Explain how surface air pressure changes and describe three controls on wind speed and direction.

In Section 1.2, we learned that the higher a person travels in elevation, the less atmospheric pressure there is. Mountain climbers refer to pressures below 356 mb (found at about 8,000 m or 26,000 ft elevation) as the “death zone” because oxygen levels are too low for human survival. Barometers are instruments used to measure air pressure. For that reason, air pressure is also called barometric pressure. For extreme mountain climbers, having an accurate barometer can be a matter of life or death. As shown in Figure 4.4, there are two types of barometers: mercury barometers and aneroid barometers.

In this section, we examine differences in air pressure across geographic space. These horizontal differences in pressure are much more subtle than vertical differences.
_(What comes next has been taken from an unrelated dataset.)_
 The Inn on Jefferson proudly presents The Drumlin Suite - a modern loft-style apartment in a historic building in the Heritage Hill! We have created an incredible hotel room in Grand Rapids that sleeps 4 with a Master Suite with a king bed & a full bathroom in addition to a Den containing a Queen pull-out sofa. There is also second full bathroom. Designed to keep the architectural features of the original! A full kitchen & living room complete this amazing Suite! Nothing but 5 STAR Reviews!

They are important, however, because even the slightest horizontal differences cause the wind to blow. Meteorologists identify two types of air pressure, categorized by the cause of pressure change: thermal pressure and dynamic pressure.
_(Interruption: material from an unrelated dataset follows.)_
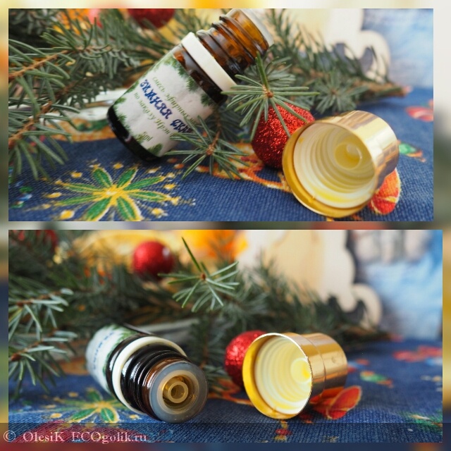 Пузырек, как мы видим, сделан из темного стекла, для того чтобы эфирное масло было защищено от солнечных лучей, и полезные свойства, находящихся в данной смеси, сохранились на весь период его использования. Закрывается он, белой крышечкой, а уже сверху на нее одевается колпачек золотого цвета, и это, конечно, изюменка этого пузырька.

Thermal pressure is air pressure caused by temperature. Warm air is associated with low pressure, and cold air is associated with high pressure. When the temperature of air is increased, its kinetic energy (rate of molecular movement) increases. Therefore, the air expands, which gives it a lower molecular density and lowers atmospheric pressure. Conversely, when the temperature of air is decreased, molecular movement decreases. As a result, the density of air molecules increases, and so does the air pressure.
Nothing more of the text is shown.